Допоздна тянется беседа студбатовцев. Могли бы и целую ночь так скоротать, но — пора! Здесь не студенческая республика — здесь режим.
С госпитального крыльца дежурная сестра уже настойчиво звала их в палату.
38
Быстро в это лето заживали солдатские раны.
Не успели хлопцы обжиться в своем уютном госпитале, как их уже выписывали, срочно освобождая место для новой партии раненых, только что привезенных с фронта.
Врачи так и не стали вытаскивать осколки из Степуриных ног. Просветили рентгеном, посоветовались и сошлись на том, что лучше к этому добру не прикасаться.
— Пускай сидят. Кость не повреждена, вытащим после войны.
В иных условиях Степуре в его состоянии, конечно, нужно было остаться в госпитале, как и многим другим раненым, но не такое сейчас было время. Отправлялись, даже не сняв бинтов, и Наташа, провожая команду выздоравливающих на вокзал, чувствовала себя так, словно бы в чем-то провинилась перед ними, словно бы это она выписала ребят преждевременно.
— Может, в батальоне для выздоравливающих вас дольше продержат, — неловко оправдывалась она, бросая жалостливые взгляды то на Павлущенку, то на Степуру.
Как это ни странно, но сейчас бодрее всех был Духнович. Не беда, что он, как и Степура, малость прихрамывал, он не мог отказать себе в удовольствии посмеяться над своим весьма невоинственным видом.
— Дон-Кихоты без Россинантов, рыцари печального образа в потрепанных обмотках, — дурачился он по дороге к вокзалу. — А вообще это вы хорошо сделали, Наташа, что вовремя спровадили нас, иначе не только Спартак, но и я, грешный, влюбился бы в вас. Отбил бы у Павлущенки.
— Нет, не отбили бы.
— Так крепко сошлись характерами?
Наташа зарделась.
— Крепко.
На ходу она прижалась к Спартаку, влюбленно заглянула ему в лицо своими добрыми, ласковыми глазами.

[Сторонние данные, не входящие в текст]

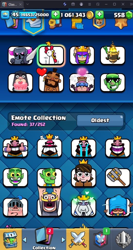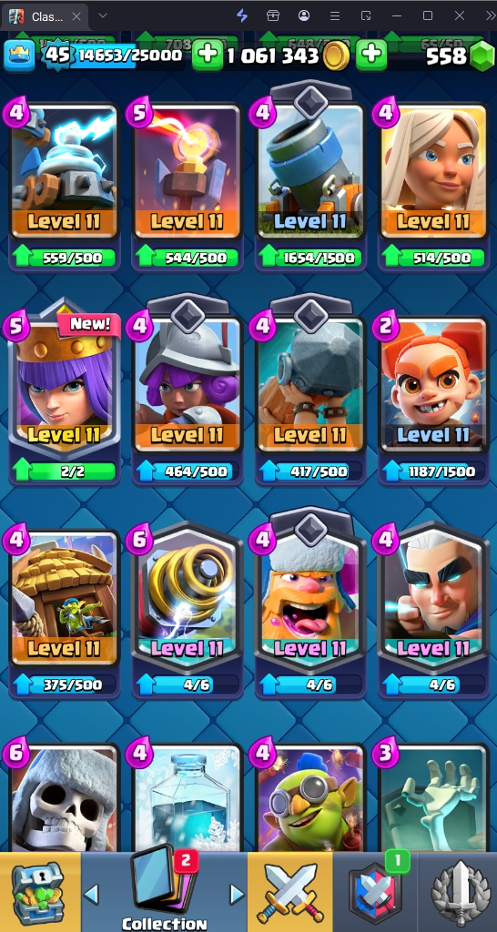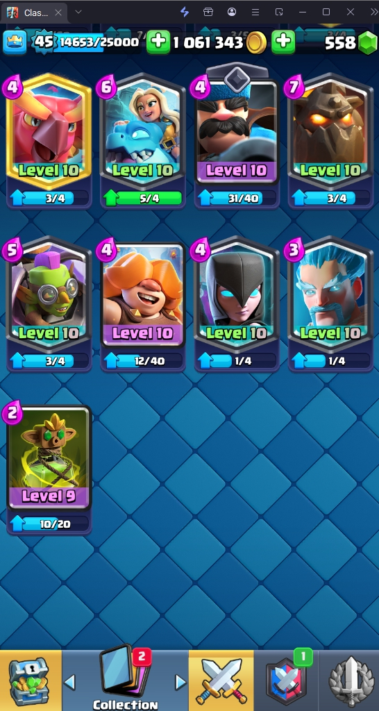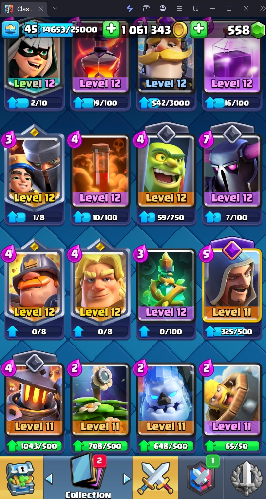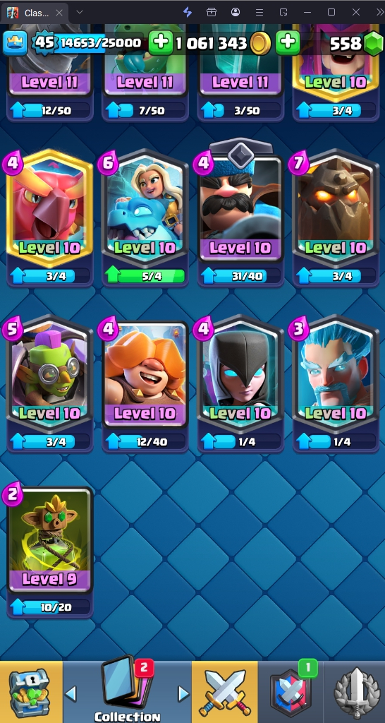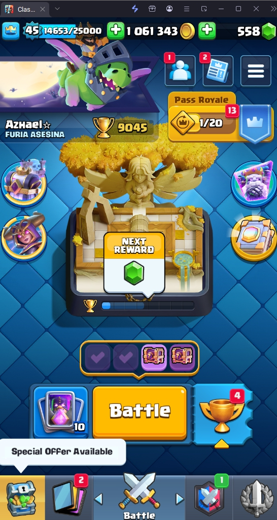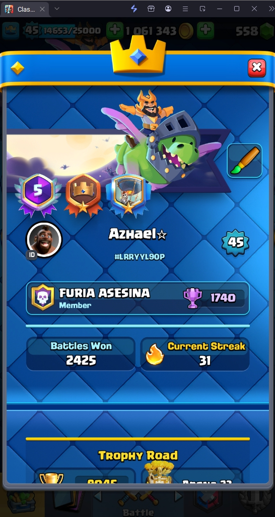 9045 TROPHY 🏆 45 LVL 💯 KT 14 👑 121 CARDS ♦️ 11 MAX CARDS 👑 0 ELITE CARDS 🔮 6 EVO 💯 EMOTE 37 🎭 #LRRYYL90P ⸱ TAG ACCOUNT ♥️

Степуре Наташа напоминала чем-то Марьяну, — может, черными косами, которые были закручены тугим узлом и выглядывали сзади из-под белой накрахмаленной косынки. Наташино простодушное сочувствие и это ее ощущение вины, хотя она ни в чем и не была виновата, как-то растрогали Степуру, вызвали в нем ответное желание утешить эту милую, добросердечную девушку, сказать ей, что виновата во всем только война, которая шлет и шлет сюда искалеченных людей.
На станции — проводы. Женщины-шахтерки толпами провожали своих мужей и сыновей, которых, по слухам, отправляли в Чугуев, в те самые лагеря, которые совсем еще недавно прошли студенты-добровольцы. Новобранцы, видать, только что вылезли из забоев, вышли из душевых — блестят на солнце мокрые шахтерские чубы. Плач, пение, звуки гармоник по всему привокзалью, повсюду распевают в полную глотку о том, как вышел в степь донецкую парень молодой…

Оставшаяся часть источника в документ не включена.